築城年代は定かではないが鹿沼氏によって築かれたと云われる。
天正4年(1576年)鹿沼城主壬生綱雄は壬生周長に謀られて謀殺されたが、綱雄の嫡男義雄によって周長は討たれた。このとき猪倉城主鹿沼右衛門は周長に味方していたため、板橋城主の板橋将監親棟によって攻められ猪倉城は落城した。
猪倉城は猪倉小学校の南西に聳える標高420m程の観音寺山に築かれており、現在は市指定史跡として登山道が整備されている。
猪倉城は泉福寺の南西背後の山にあり、現在も寺から遊歩道が整備されている。大手はハッキリしないが、このお寺からの道が比較的当時からの大手に沿っているのではないだろうか。虎口や横堀、導線などなかなか凝った比較的技巧的な山城である。
主郭は山頂にあり一段小高くなった曲輪の周囲をさらに広い曲輪が取り巻く。北側に桝形状の虎口空間があり、現在の登山道はここに通じる。面白いのは、北東側にある二郭はこの虎口から一度外へ出て入る構造で、二郭の北にある出丸部分は桝形から西下の犬走を経て行き来する構造になっている。

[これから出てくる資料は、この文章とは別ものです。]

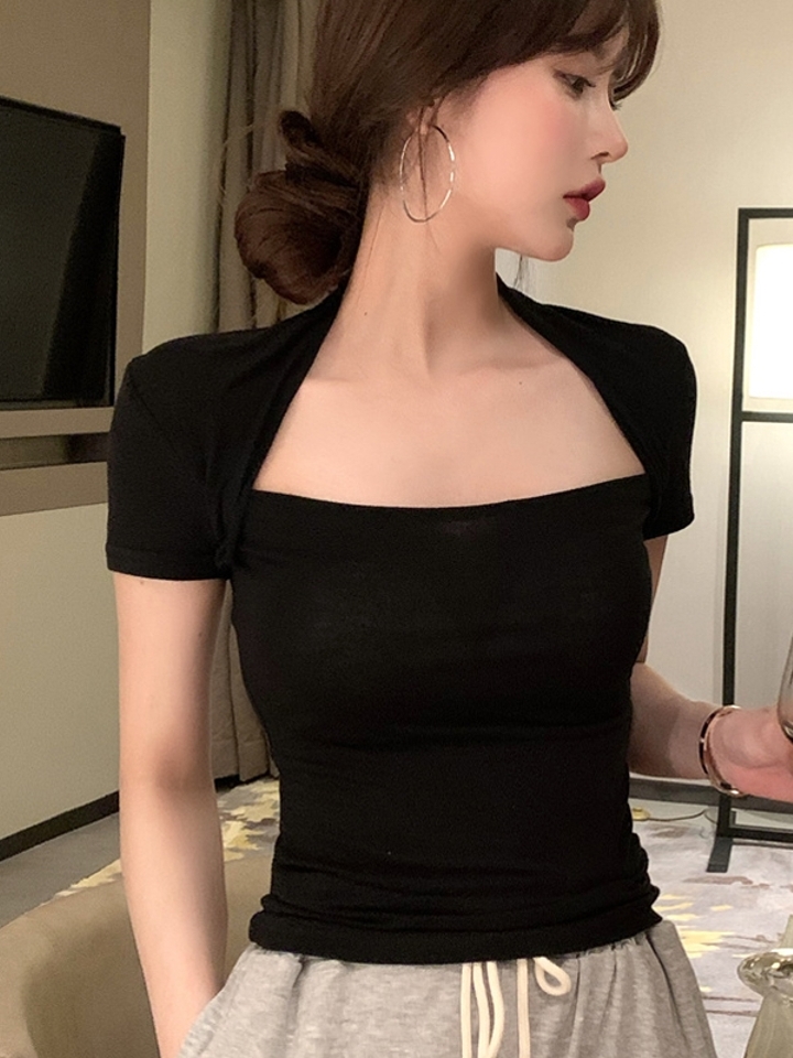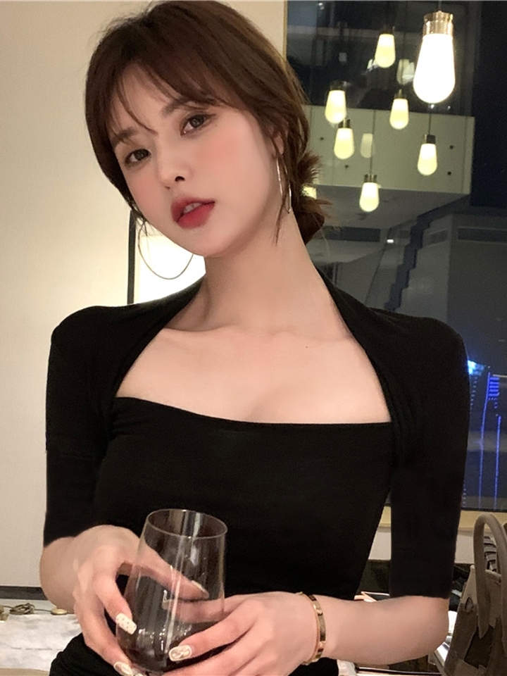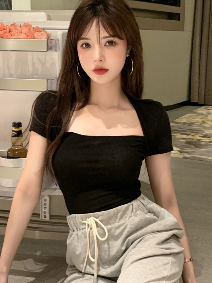 优雅的小方领塑造淑女随心搭配的风范,修身的版型让你穿起来凸显苗条的身材,采用纯棉面料,穿起来更加的舒适,无论长裤,黑白色短款,都很好搭配。
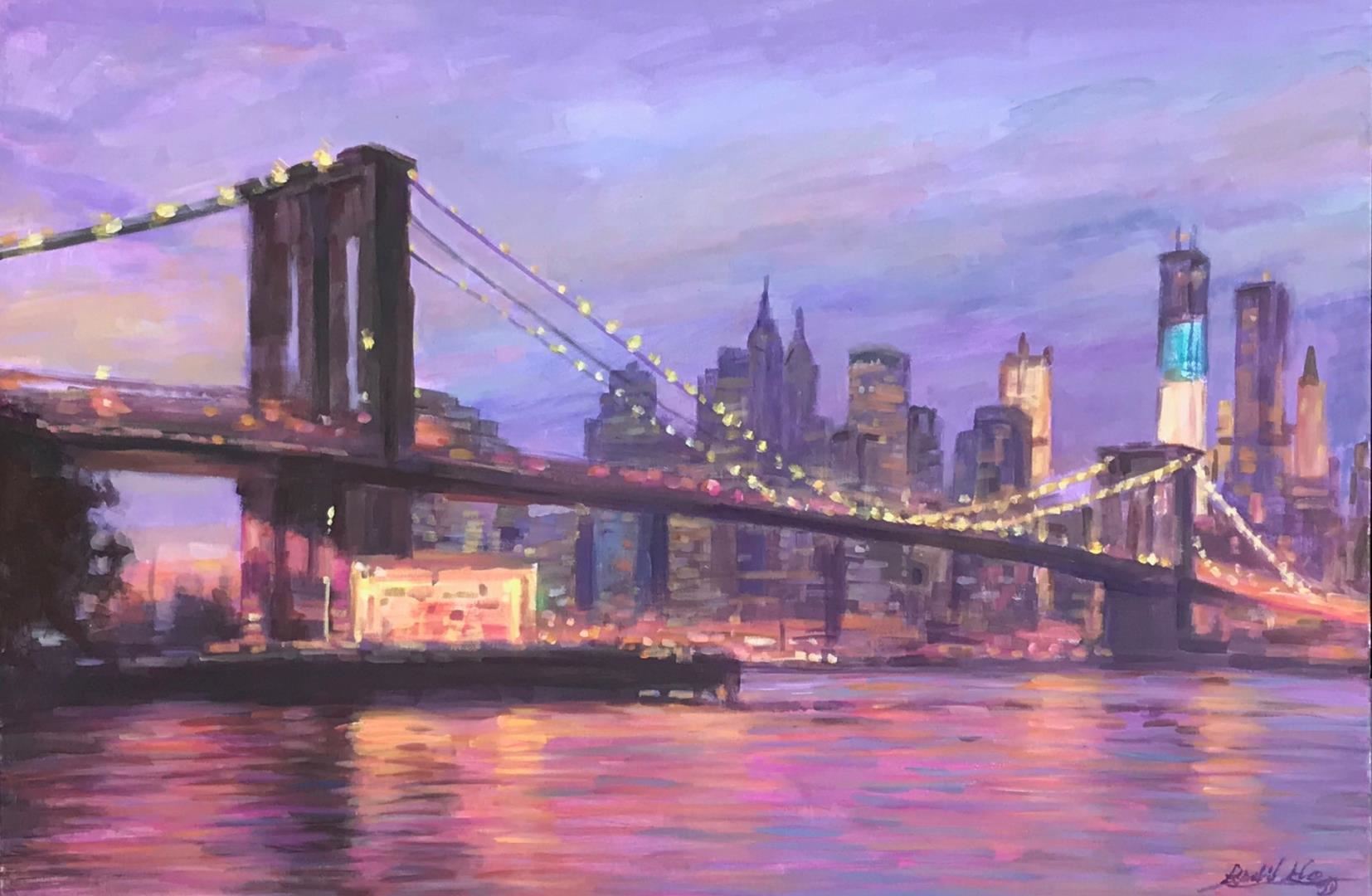 A perfect dramatization of the Brooklyn Bridge lit up at night. An original 24x36"original acrylic by Richard Ho, on stretched canvas w/COA.
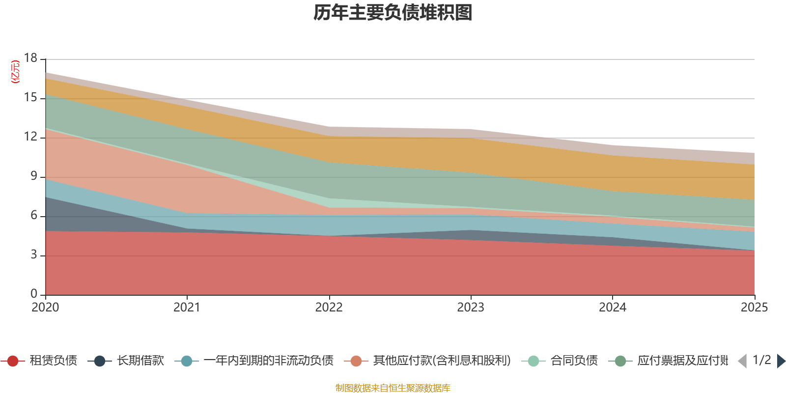 负债重大变化方面,截至2025年末,公司长期借款较上年末减少96.73%,占公司总资产比重下降5个百分点;一年内到期的非流动负债较上年末增加36.38%,占公司总资产比重上升3.75个百分点;应付票据及应付账款较上年末增加9.82%,占公司总资产比重上升2.51个百分点;其他应付款(含利息和股利)较上年末减少38.55%,占公司总资产比重下降1.42个百分点。
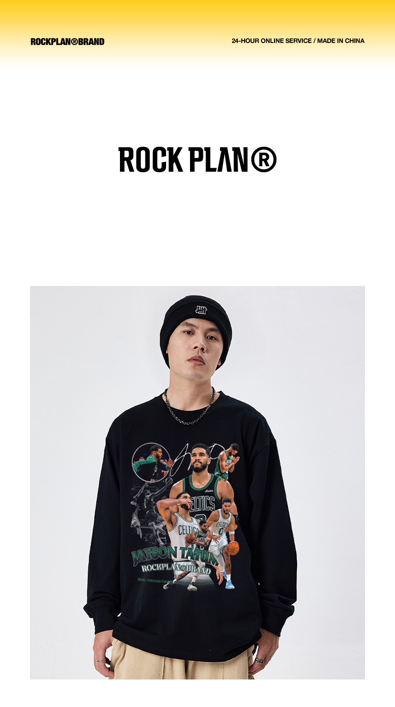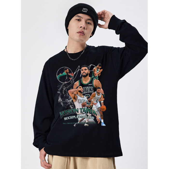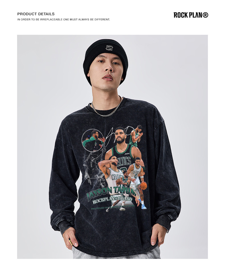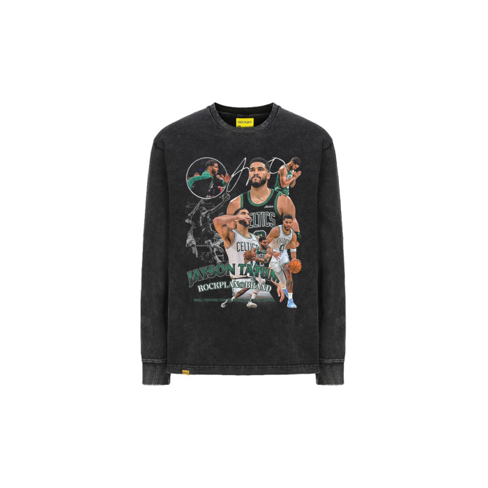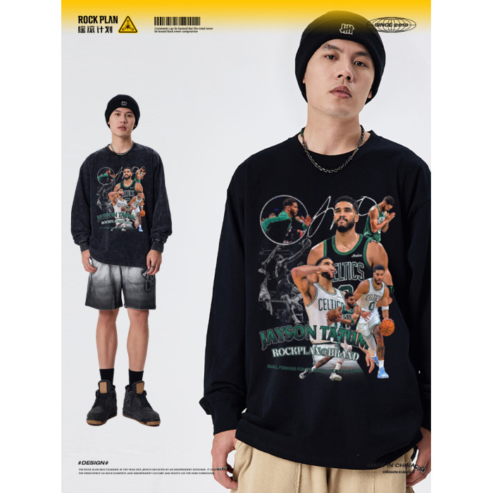 搖滾計劃美式球星塔圖姆男T恤籃球街頭秋冬長袖圓領學生復古做舊
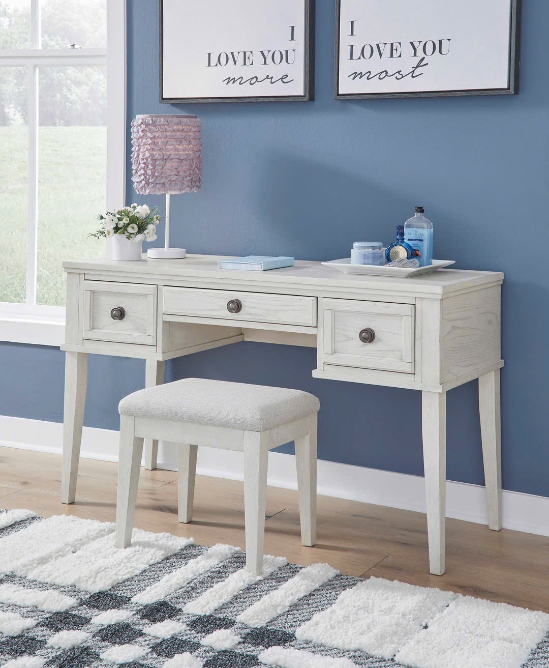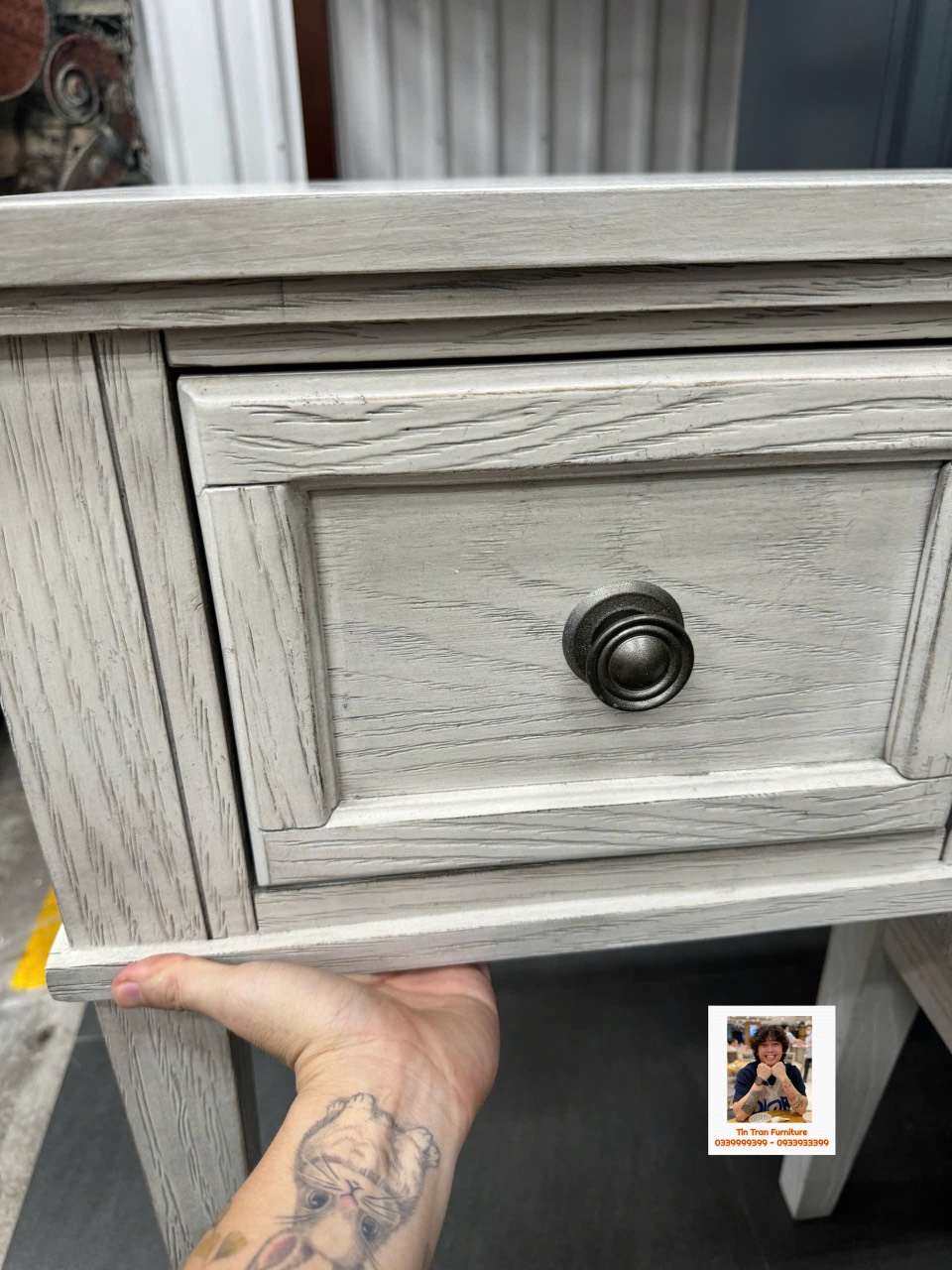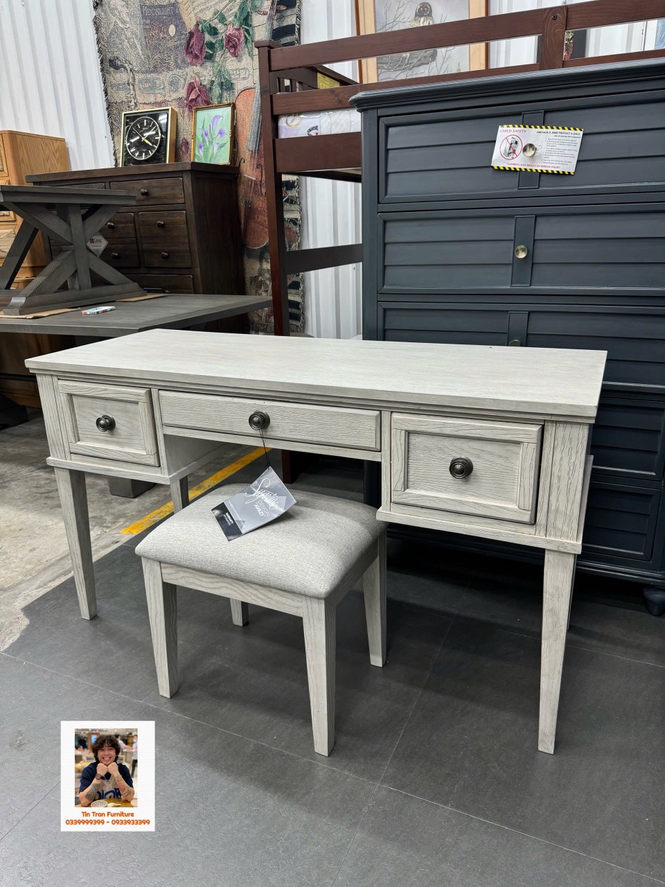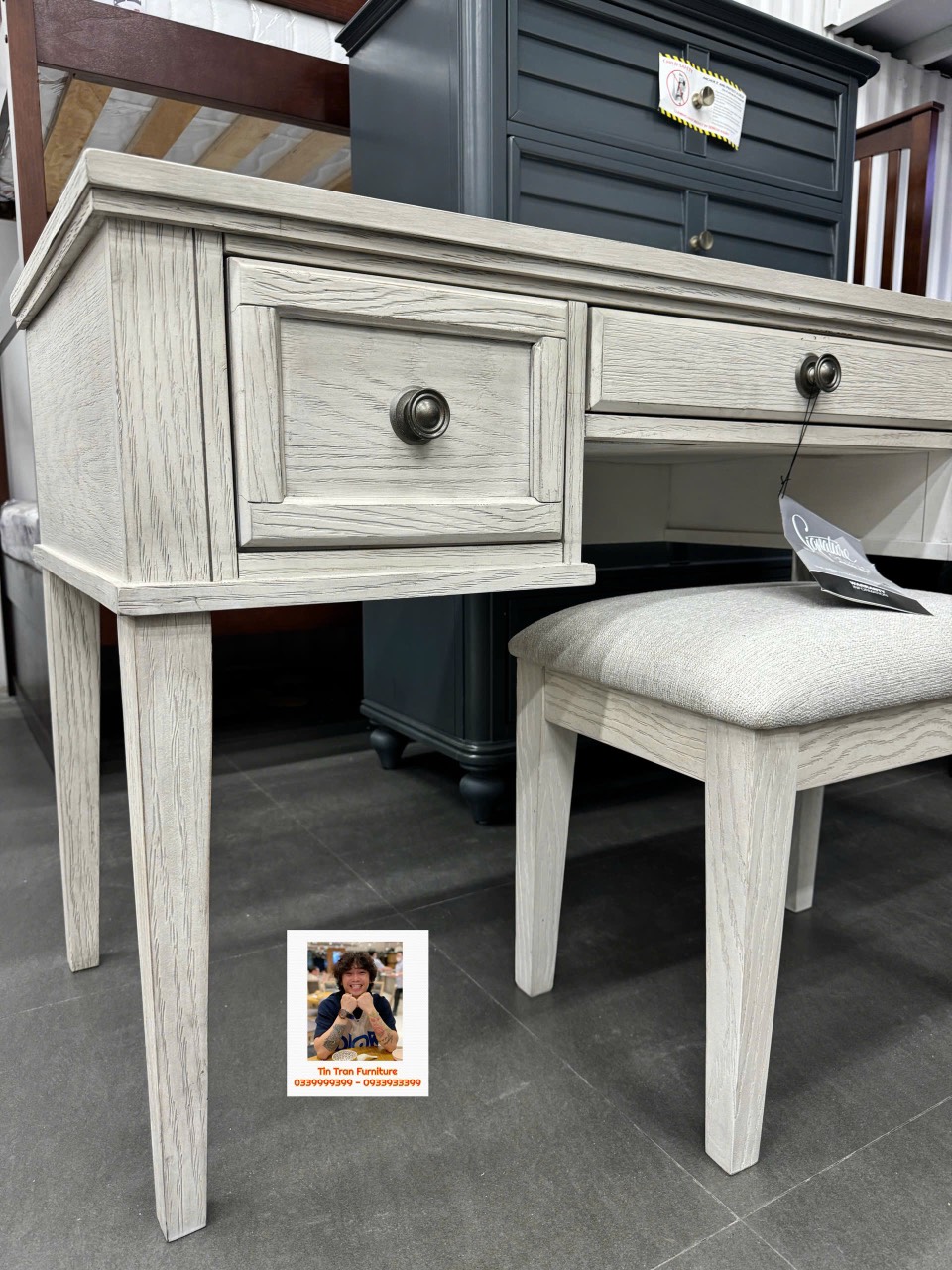 😳 3.5triệu/bộ.Bộ bàn ghế làm việc thương hiệu Ashley Mỹ 🇺🇸 phong cách thanh lịch trang nhã, đẹp vượt thời gian, được làm bằng gỗ, gỗ sồi veneer, sơn màu trắng cổ điển họa tiết vân gỗ, 3 ngăn kéo trượt êm ái với cấu trúc mộng đuôi chim và thanh trượt bên bi kim loại, núm màu đồng sẫm, đệm ghế bọc vải polyester, hàng chính hàng mới nguyên thùng ship toàn quốc 350k, ship nội ô sg rẻ hơn..
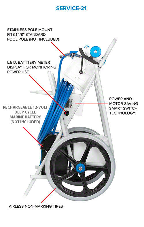 Duckies Pool Supply presents the Hammerhead Service Vacuum HH9130-60, a professional-grade pool cleaning system designed for service technicians and demanding commercial use. This model pairs a wide 21-inch head with a long 60-foot cord, rugged caddy cart and convenient truck/trailer hitch mount for fast, efficient cleanups.

また、主郭の南西にも堀切の先に出丸があるが、この出丸の虎口は北側を土橋状に回り込む部分を伝って入っていたと思われる。南西出丸は北西側に二条の堀切、南に竪堀と堀切、北東の主郭側にも堀切と独立性が高い。
主郭から東へ伸びた尾根の東端にある曲輪の側面には横堀があり、北側は竪堀として遮断する。この横堀と竪堀の間の土塁を虎口とする。
泉福寺から遊歩道が整備されている。お寺の駐車場に駐めさせて頂いた。